*WHAT YOU SHOULD DO*
Print the listing exactly as it stands, and skip any pictures in it.

[SUPPLIED MATERIAL Boundary: Start]

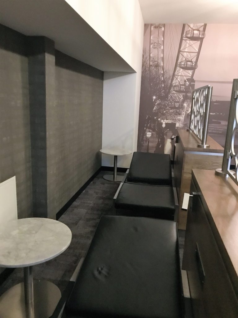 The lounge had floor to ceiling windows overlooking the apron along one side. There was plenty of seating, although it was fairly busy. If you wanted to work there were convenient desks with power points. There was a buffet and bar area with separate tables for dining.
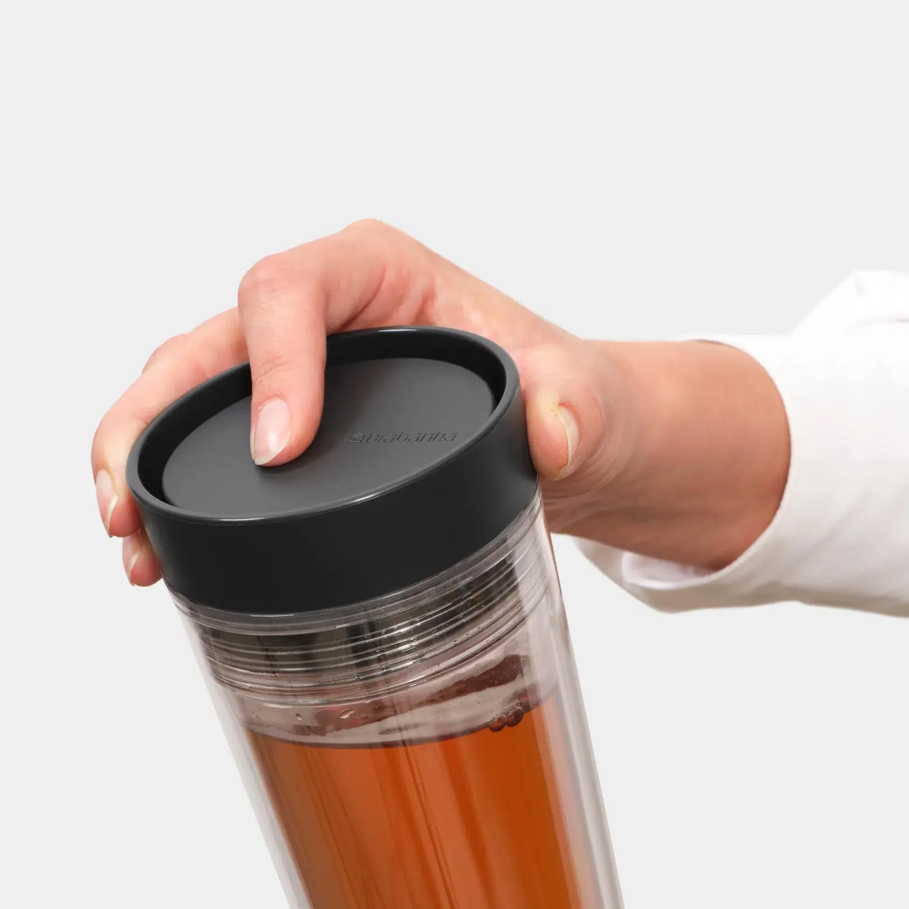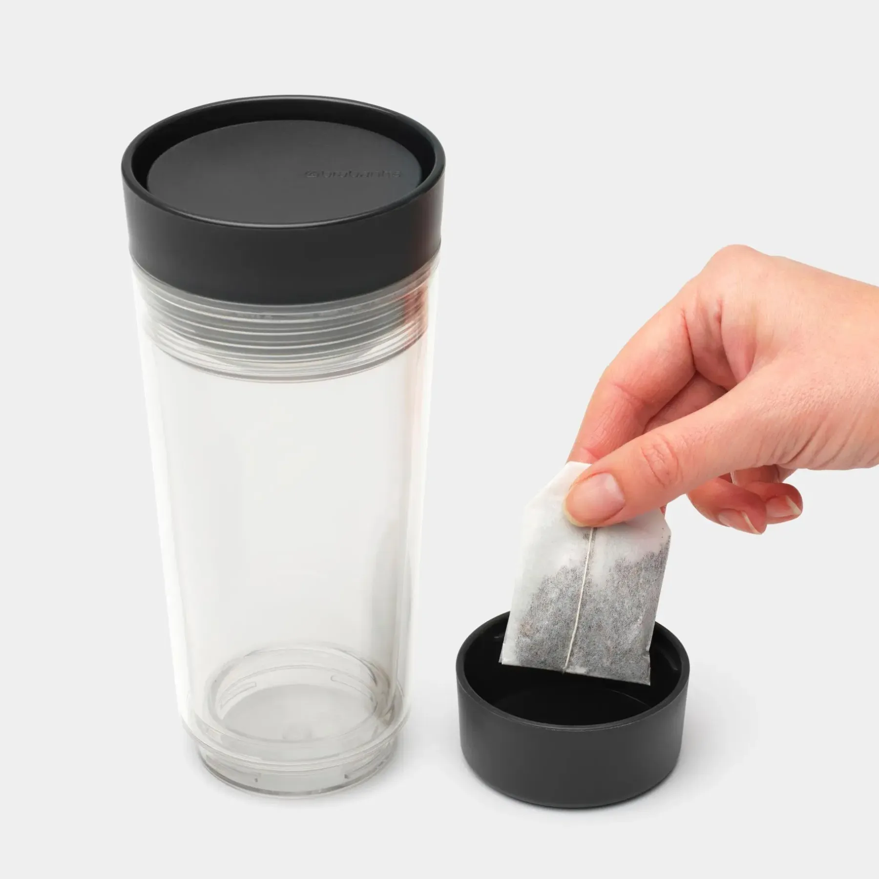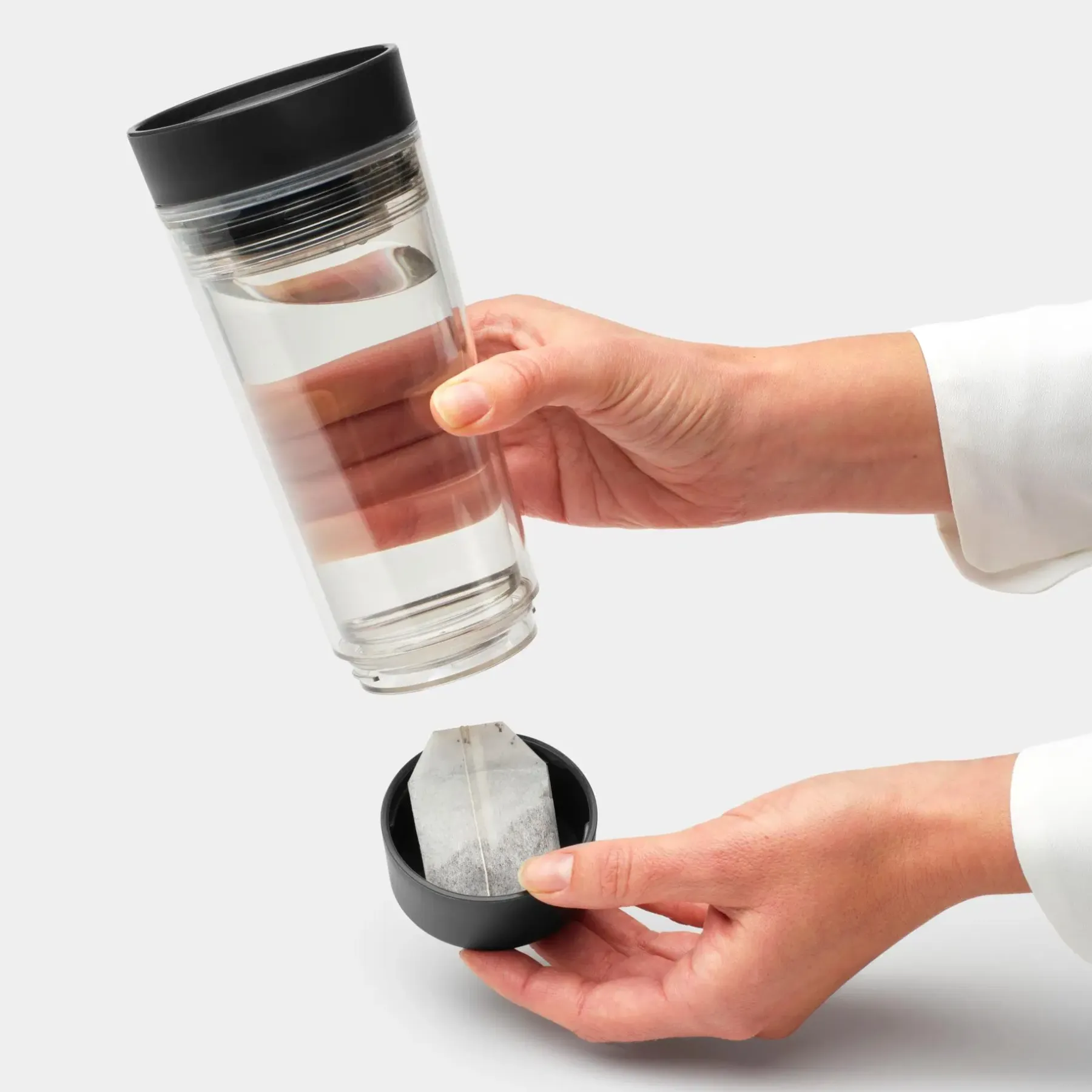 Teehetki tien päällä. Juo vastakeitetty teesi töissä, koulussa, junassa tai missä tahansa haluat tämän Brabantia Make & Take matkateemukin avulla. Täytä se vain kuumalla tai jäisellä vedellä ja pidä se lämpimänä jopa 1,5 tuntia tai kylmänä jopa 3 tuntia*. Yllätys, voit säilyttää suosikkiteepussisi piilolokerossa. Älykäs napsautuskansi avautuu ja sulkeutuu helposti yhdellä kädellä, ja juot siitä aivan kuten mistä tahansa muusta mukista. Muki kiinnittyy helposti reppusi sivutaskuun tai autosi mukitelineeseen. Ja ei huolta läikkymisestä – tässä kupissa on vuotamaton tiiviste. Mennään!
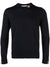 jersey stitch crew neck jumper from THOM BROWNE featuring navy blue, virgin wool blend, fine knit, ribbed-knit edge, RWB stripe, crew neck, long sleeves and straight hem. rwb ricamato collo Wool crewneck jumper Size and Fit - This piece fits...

[SUPPLIED MATERIAL Boundary: End]

*WRITTEN ANSWER*
 The lounge had floor to ceiling windows overlooking the apron along one side. There was plenty of seating, although it was fairly busy. If you wanted to work there were convenient desks with power points. There was a buffet and bar area with separate tables for dining.
 Teehetki tien päällä. Juo vastakeitetty teesi töissä, koulussa, junassa tai missä tahansa haluat tämän Brabantia Make & Take matkateemukin avulla. Täytä se vain kuumalla tai jäisellä vedellä ja pidä se lämpimänä jopa 1,5 tuntia tai kylmänä jopa 3 tuntia*. Yllätys, voit säilyttää suosikkiteepussisi piilolokerossa. Älykäs napsautuskansi avautuu ja sulkeutuu helposti yhdellä kädellä, ja juot siitä aivan kuten mistä tahansa muusta mukista. Muki kiinnittyy helposti reppusi sivutaskuun tai autosi mukitelineeseen. Ja ei huolta läikkymisestä – tässä kupissa on vuotamaton tiiviste. Mennään!
 jersey stitch crew neck jumper from THOM BROWNE featuring navy blue, virgin wool blend, fine knit, ribbed-knit edge, RWB stripe, crew neck, long sleeves and straight hem. rwb ricamato collo Wool crewneck jumper Size and Fit - This piece fits...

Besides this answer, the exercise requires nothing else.